Graph cuts are being increasingly used in computer vision as an energy minimization technique. One of the primary reasons behind this growing popularity is the availability of numerous algorithms with excellent algorithmic complexity for solving the st-mincut problem [1]. Greig et al. [11] showed that the exact maximum a-posteriori (MAP) solution of a two label pairwise Markov Random Field (MRF) can be obtained in polynomial time by finding the st-mincut on the equivalent graph. This result has been extended by [12] for MRFs with multiple labels and convex priors. This equivalence between the st-mincut problem and MAP-MRF estimation makes graph cuts extremely important, especially considering the fact that the probability distributions of interacting labels of many problems such as image segmentation, stereo, image restoration can be modelled using MRFs. It has also been shown that a strong local optima of a MRF under the generalized Potts, and linear clique potential models can be obtained using graph cuts [5]. These are excellent results considering that the size of the state-space for the labelling problem is exponential in the number of nodes (sites) and the problem in general is NP-hard.

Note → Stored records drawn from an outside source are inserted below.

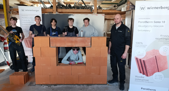 W środę 12 marca 2025 r. odbyło się szkolenie dotyczące wyrobów ceramicznych produkowanych przez firmę Wienerberger. W szkoleniu uczestniczyli uczniowie klas 2TBE i 3twz. Uczniowie dowiedzieli się czym jest nowoczesna ceramika łącząca właściwości komfortu, ekonomii- zapewniając elegancję przy zachowaniu cech bezpiecznego użytkowania. W części praktycznej uczniowie wykonali z elementów dostarczonych przez firmę Wienerberger ściankę – mur z otworem  z wykorzystaniem
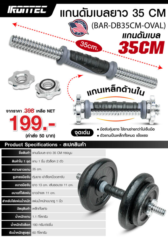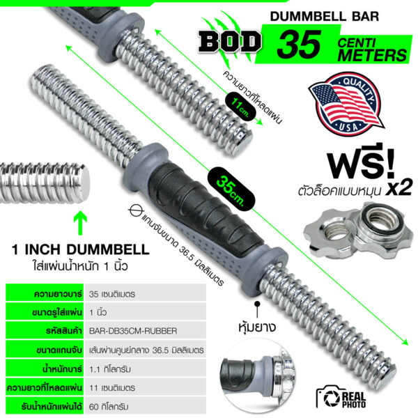 แกนดัมเบล 35cm (1 นิ้ว) ขนาดแกนจับ เส้นผ่านศูนย์กลาง 36.5mm. น้ำหนักบาร์ 1.1 กิโลกรัม ความยาวที่โหลดแผ่น ยาว 11 cm รับน้ำหนักแผ่นได้ 60 กิโลกรัม (ค่าส่งสินค้าทั่วประเทศ 50 บาท ต่อชิ้น)
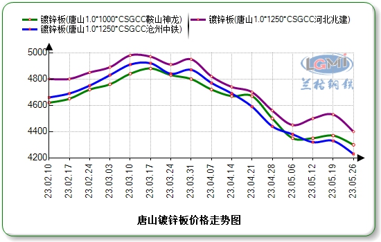 本周,唐山市场镀锌板卷价格大幅下行。据兰格钢铁云商平台监测,现镀锌1.0mm价格:兆建有花无花4430元,鞍山神龙4300元,天津新宇4300元,东恒4360元,沧州中铁4230元,日鑫4400元,万利4400元,含税。
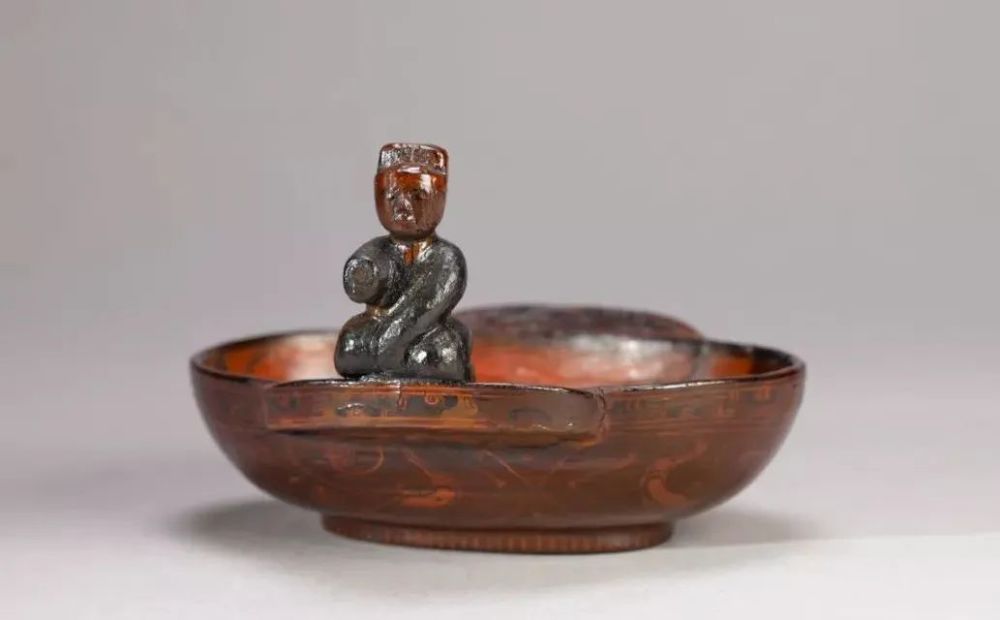 西汉 彩绘龙纹立雕人像漆耳杯

Given the solution to a MRF, the question arises as to whether this solution can help in solving another similar MRF with slightly different energy terms. For instance, this is the case when image segmentation is performed on the frames of a video where the data (image) in the problem changes from one time instance to the next. The MAP solution of the MRF representing the problem at the previous time instant should intuitively be a good initialization for the energy minimization procedure. If the change in the MRF is relatively small from one time instant to the next, such an initialization should substantially speed up the inference process since the time taken to find a new solution should be proportional to the change in the energy function. Within this paper we show that for the st-mincut/max-flow problem, this corresponds to the use of flows obtained in the solution of the previous problem instance in finding the solution to the next problem instance as seen in figure 1.

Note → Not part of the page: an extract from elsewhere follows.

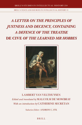 Although little known today, the Utrecht physician and town councillor Lambert van Velthuysen (1622-1685) was a prolific Dutch seventeenth-century philosopher and a vociferous advocate of the new philosophies of Descartes and Hobbes. The Letter on the Principles of Justness and Decency of 1651 constitutes both the first published reaction to Hobbes's political philosophy and the first attempt by a Dutch philosopher at using Hobbes to supply a 'Cartesian' moral philosophy. It is also a highly original work that seeks to define the nature of virtue and vice and to justify the magistrate's right to punish crimes. It will thus be of interest not only to historians of philosophy but to all those interested in the social and cultural history of the Dutch Golden Age.

Dynamic image segmentation using Graph Cuts

Figure 1: Dynamic image segmentation using Graph Cuts. The images in the first column are two consecutive frames of a video sequence and their respective segmentations, with the first image showing the user segmentation seeds (which are used as soft constraints on the segmentation). In column 2, we observe the n-edge flows obtained corresponding to the MAP solution of the MRFs representing the two problems. It can be clearly seen that the flows corresponding to the segmentations are similar. The flows from the first segmentation were used for finding the segmentation for the second frame. The time taken for this procedure was much less compared to that taken for finding the flows from scratch.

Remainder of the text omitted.